[GIVEN RECORDS]:
=== Section Start ===

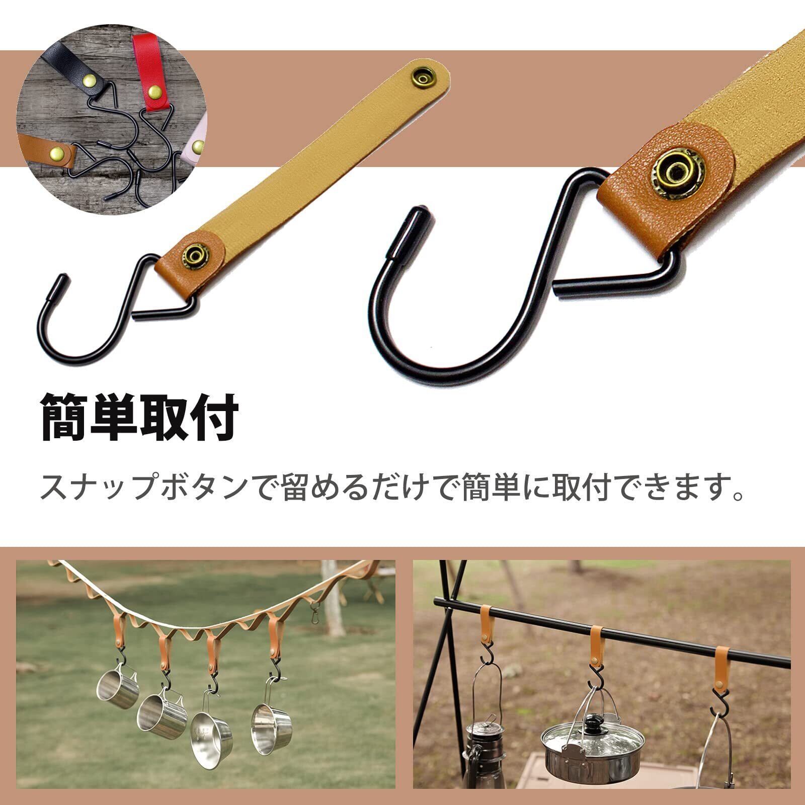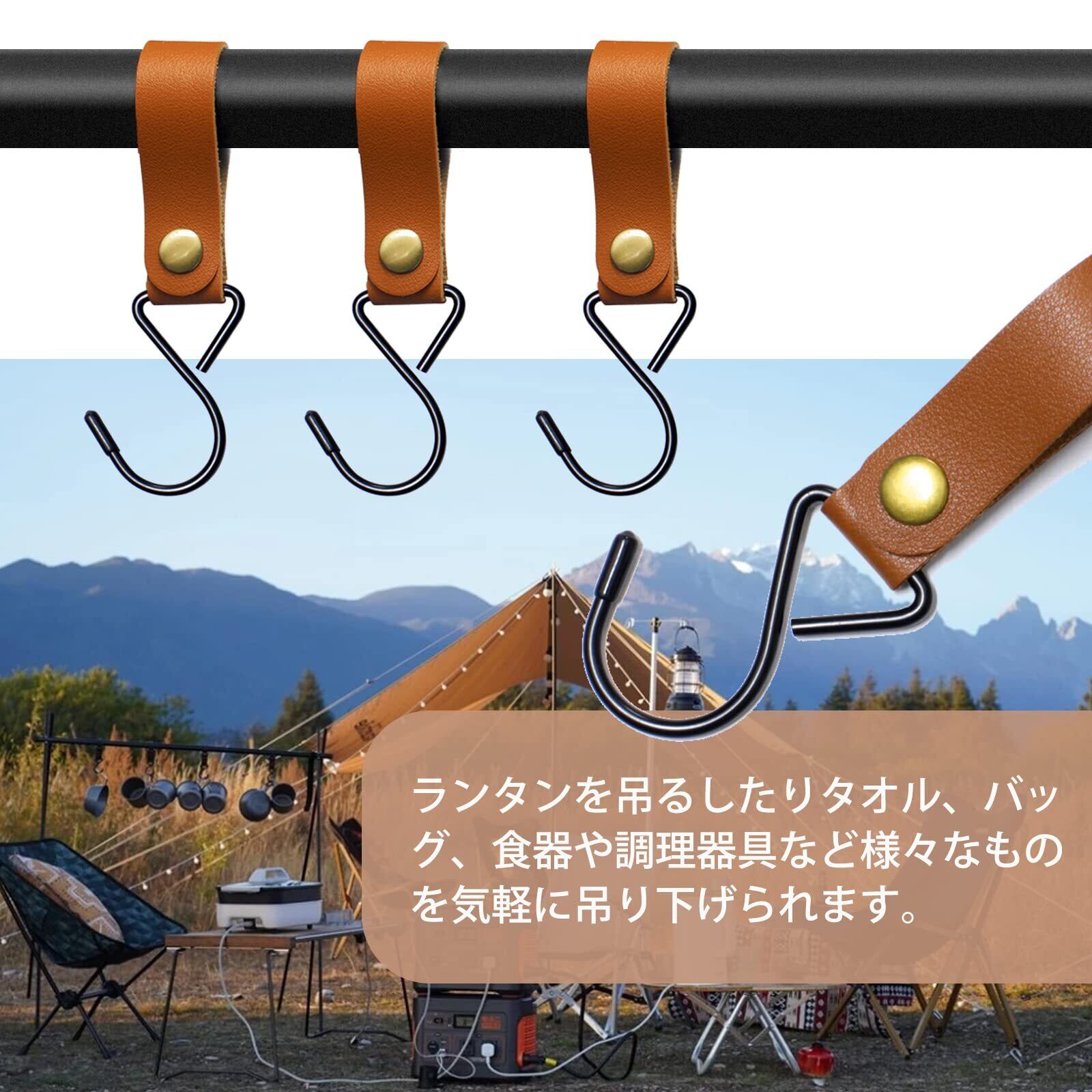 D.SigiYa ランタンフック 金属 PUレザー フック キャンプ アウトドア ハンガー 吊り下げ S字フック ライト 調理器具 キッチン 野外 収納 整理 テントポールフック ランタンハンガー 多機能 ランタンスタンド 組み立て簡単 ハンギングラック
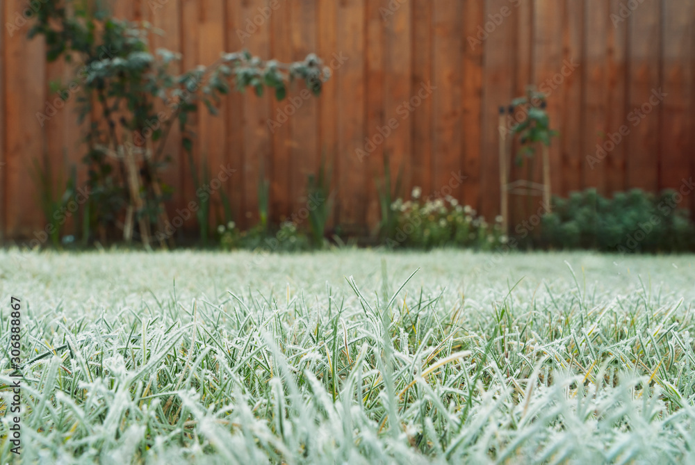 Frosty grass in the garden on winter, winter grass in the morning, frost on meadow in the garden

=== Section End ===
=== Section Start ===

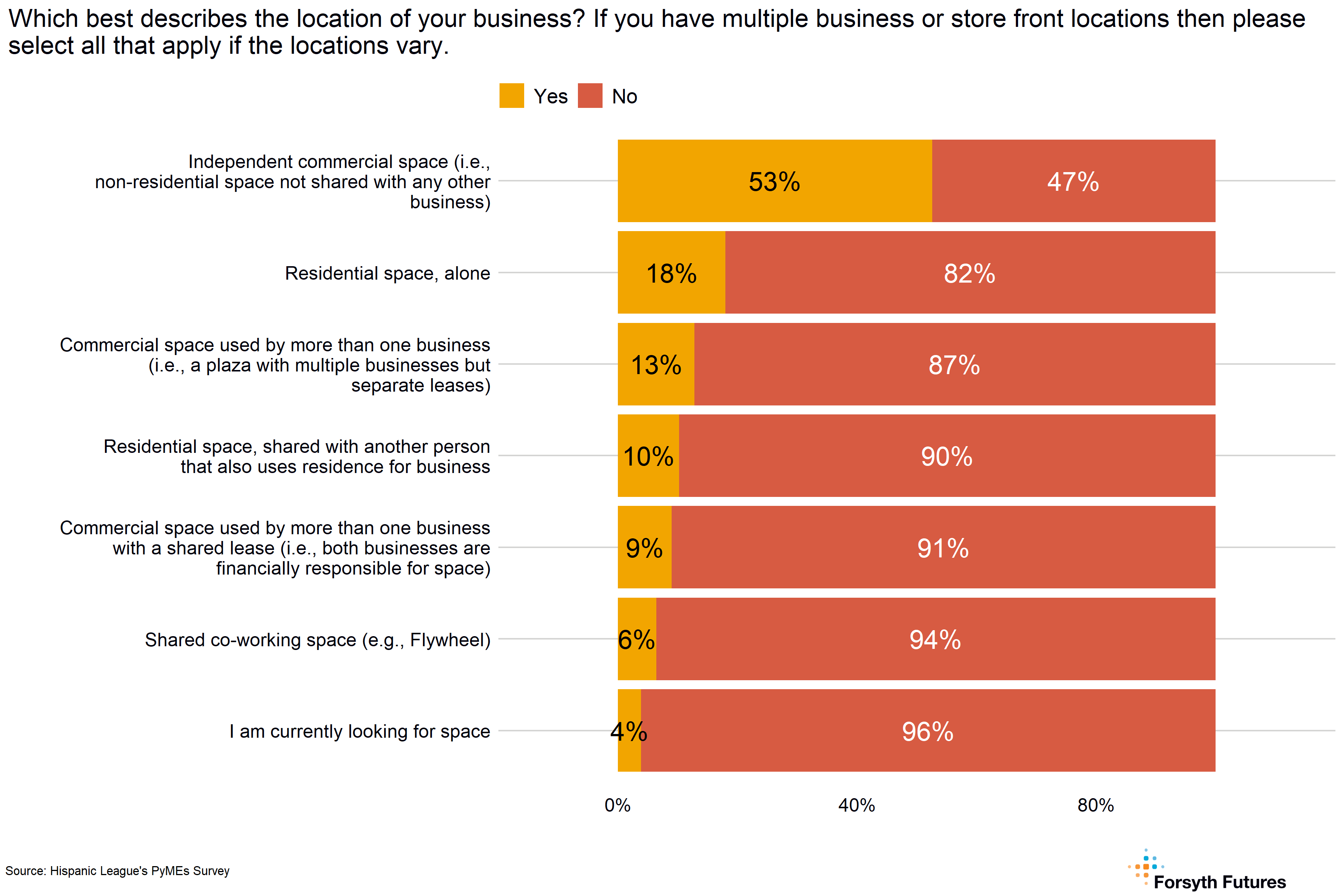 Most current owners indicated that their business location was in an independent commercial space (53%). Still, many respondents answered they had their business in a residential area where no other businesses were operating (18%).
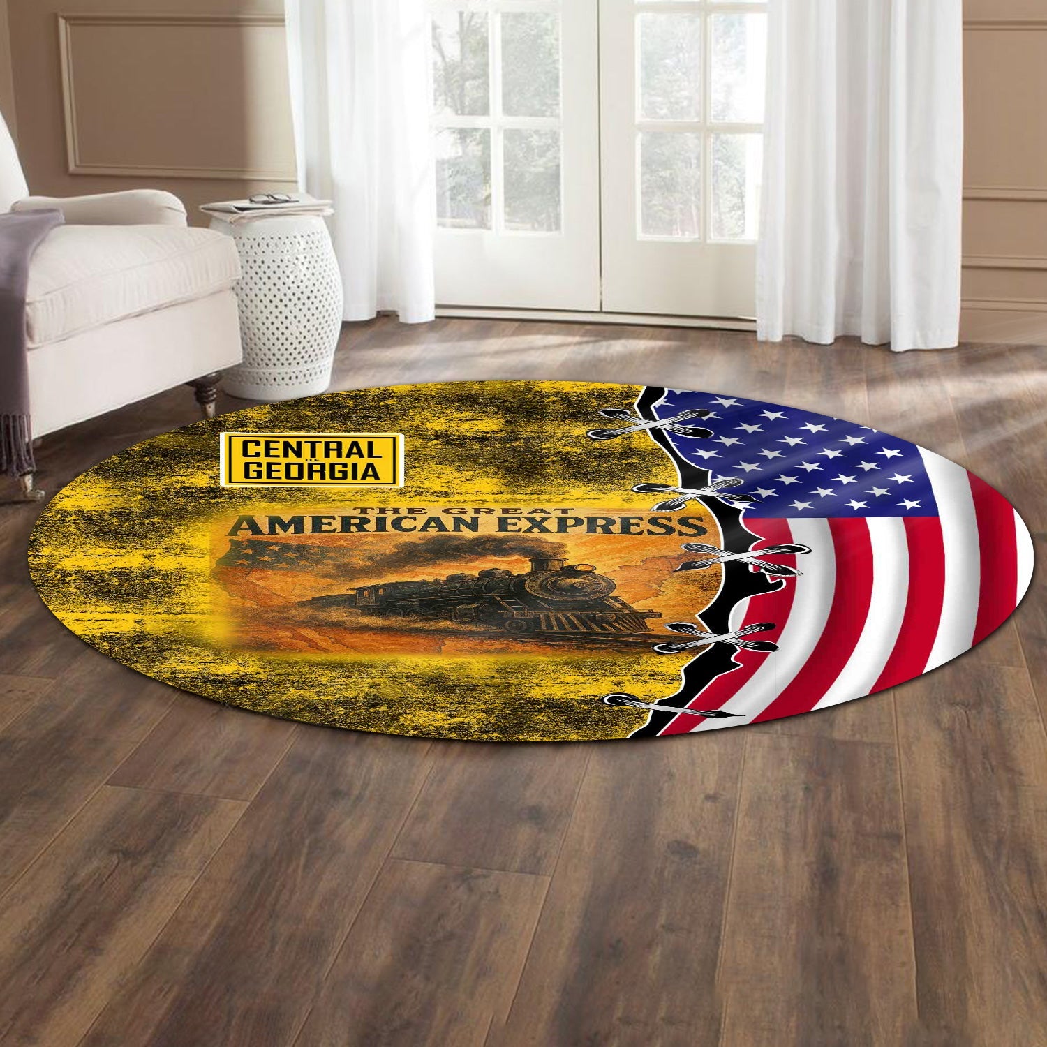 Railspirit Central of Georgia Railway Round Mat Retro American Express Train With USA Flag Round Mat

=== Section End ===
=== Section Start ===

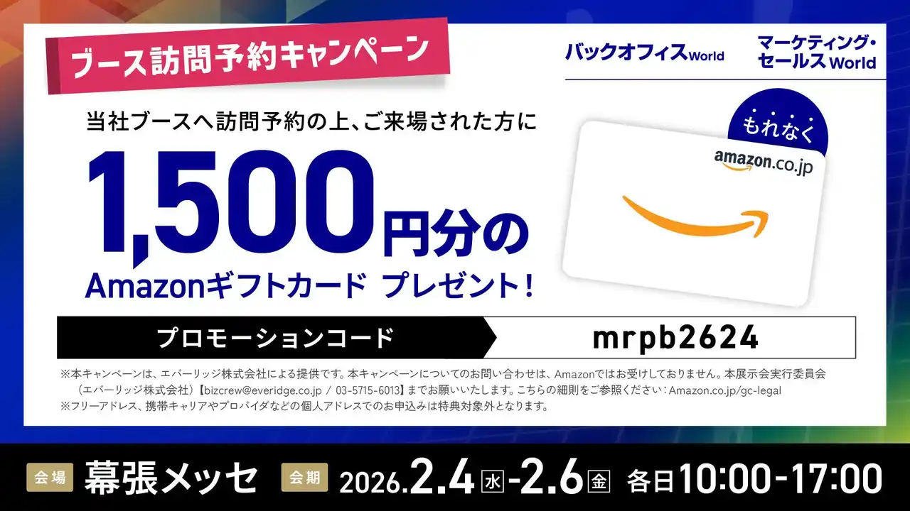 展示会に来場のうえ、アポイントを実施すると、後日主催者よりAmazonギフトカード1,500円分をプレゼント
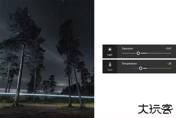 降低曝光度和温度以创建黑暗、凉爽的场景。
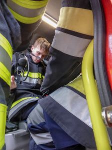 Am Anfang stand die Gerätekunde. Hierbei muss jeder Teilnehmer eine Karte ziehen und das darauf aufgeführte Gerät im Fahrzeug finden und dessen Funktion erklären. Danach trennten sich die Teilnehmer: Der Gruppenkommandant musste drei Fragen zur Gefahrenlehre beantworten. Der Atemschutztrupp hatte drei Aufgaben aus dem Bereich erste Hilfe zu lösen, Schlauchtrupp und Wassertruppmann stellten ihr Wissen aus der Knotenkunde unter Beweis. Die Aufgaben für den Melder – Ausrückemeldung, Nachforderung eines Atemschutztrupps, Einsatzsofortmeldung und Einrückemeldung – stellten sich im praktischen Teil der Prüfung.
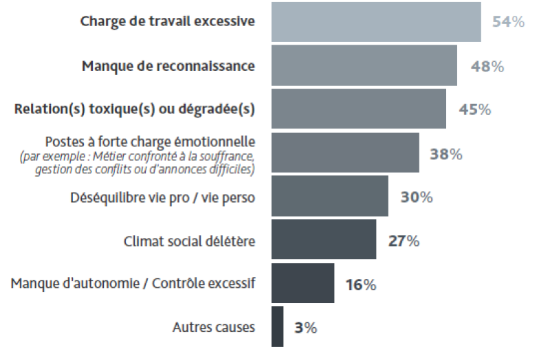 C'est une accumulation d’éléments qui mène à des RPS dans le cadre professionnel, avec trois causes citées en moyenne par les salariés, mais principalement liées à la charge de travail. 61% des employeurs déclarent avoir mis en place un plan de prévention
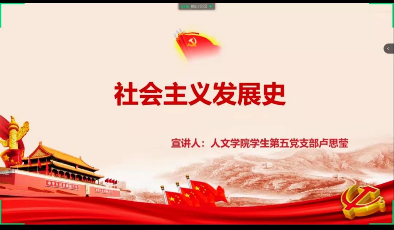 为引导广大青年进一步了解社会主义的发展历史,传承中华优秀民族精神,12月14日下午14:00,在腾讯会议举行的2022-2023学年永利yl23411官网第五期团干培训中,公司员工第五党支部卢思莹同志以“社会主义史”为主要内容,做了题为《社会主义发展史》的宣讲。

=== Section End ===

[EXERCISE PROMPT]: Would you output the lines above from the line holding "C'est une accumulation" up to and including the line holding "为引导广大青年进一步了解社会", exactly and only those, with no pictures?

[SOLUTION TO THIS TASK]:
 C'est une accumulation d’éléments qui mène à des RPS dans le cadre professionnel, avec trois causes citées en moyenne par les salariés, mais principalement liées à la charge de travail. 61% des employeurs déclarent avoir mis en place un plan de prévention
 为引导广大青年进一步了解社会主义的发展历史,传承中华优秀民族精神,12月14日下午14:00,在腾讯会议举行的2022-2023学年永利yl23411官网第五期团干培训中,公司员工第五党支部卢思莹同志以“社会主义史”为主要内容,做了题为《社会主义发展史》的宣讲。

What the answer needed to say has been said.